Instructions for the task
Leave the images aside and copy out the whole listing, exact to the word.

Data block
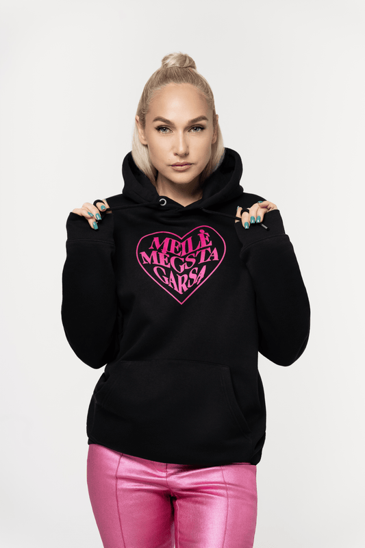 Džemperis „Meilė mėgsta garsą“ juodas su kapišonu 2
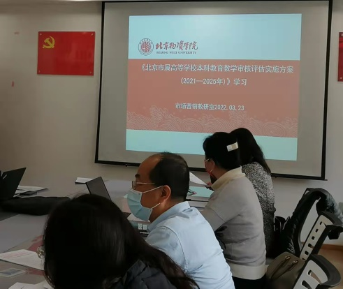 3月23日下午,市场营销系全体教师举行了例行教研活动月会,本次月会的主题为“学习《北京市属普通高等学校本科教育教学审核评估实施方案(2021-2025年)》”。
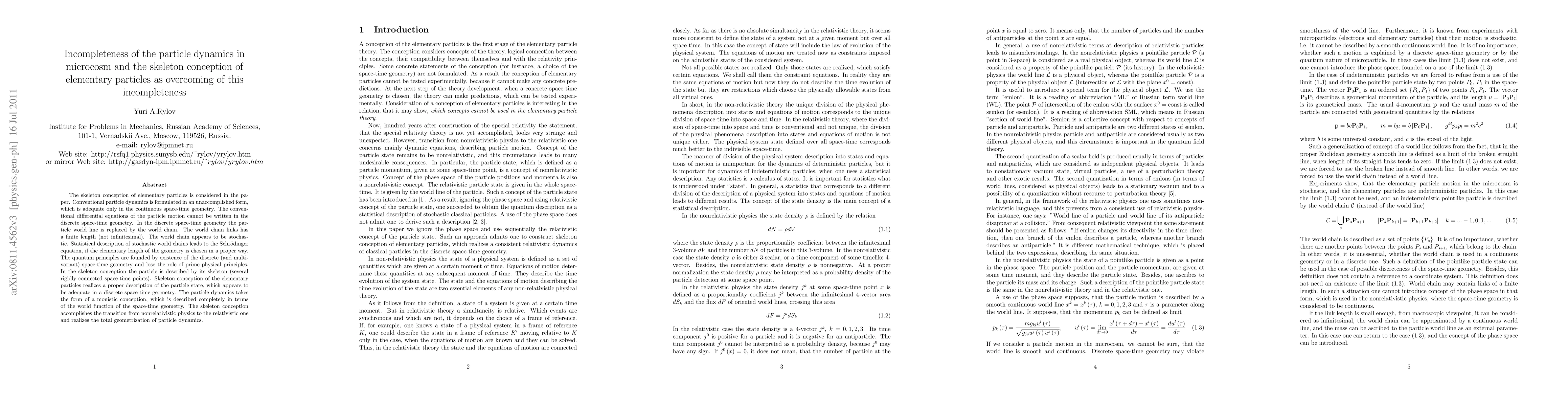 The skeleton conception of elementary particles is considered in the paper. Conventional particle dynamics is formulated in an unaccomplished form, which is adequate only in the continuous space-time geometry. The conventional differential equations of the particle motion cannot be written in the discrete space-time geometry. In the discrete space-time geometry the particle world line is replaced by the world chain. The world chain links has a finite length (not infinitesimal). The world chain appears to be stochastic. Statistical description of stochastic world chains leads to the Schr\"{o}dinger equation, if the elementary length of the geometry is chosen in a proper way. The quantum principles are founded by existence of the discrete (and multivariant) space-time geometry and lose the role of prime physical principles. In the skeleton conception the particle is described by its skeleton (several rigidly connected space-time points). Skeleton conception of the elementary particles realizes a proper description of the particle state, which appears to be adequate in a discrete space-time geometry. The particle dynamics takes the form of a monistic conception, which is described completely in terms of the world function of the space-time geometry. The skeleton conception accomplishes the transition from nonrelativistic physics to the relativistic one and realizes the total geometrization of particle dynamics.

Response area
 Džemperis „Meilė mėgsta garsą“ juodas su kapišonu 2
 3月23日下午,市场营销系全体教师举行了例行教研活动月会,本次月会的主题为“学习《北京市属普通高等学校本科教育教学审核评估实施方案(2021-2025年)》”。
 The skeleton conception of elementary particles is considered in the paper. Conventional particle dynamics is formulated in an unaccomplished form, which is adequate only in the continuous space-time geometry. The conventional differential equations of the particle motion cannot be written in the discrete space-time geometry. In the discrete space-time geometry the particle world line is replaced by the world chain. The world chain links has a finite length (not infinitesimal). The world chain appears to be stochastic. Statistical description of stochastic world chains leads to the Schr\"{o}dinger equation, if the elementary length of the geometry is chosen in a proper way. The quantum principles are founded by existence of the discrete (and multivariant) space-time geometry and lose the role of prime physical principles. In the skeleton conception the particle is described by its skeleton (several rigidly connected space-time points). Skeleton conception of the elementary particles realizes a proper description of the particle state, which appears to be adequate in a discrete space-time geometry. The particle dynamics takes the form of a monistic conception, which is described completely in terms of the world function of the space-time geometry. The skeleton conception accomplishes the transition from nonrelativistic physics to the relativistic one and realizes the total geometrization of particle dynamics.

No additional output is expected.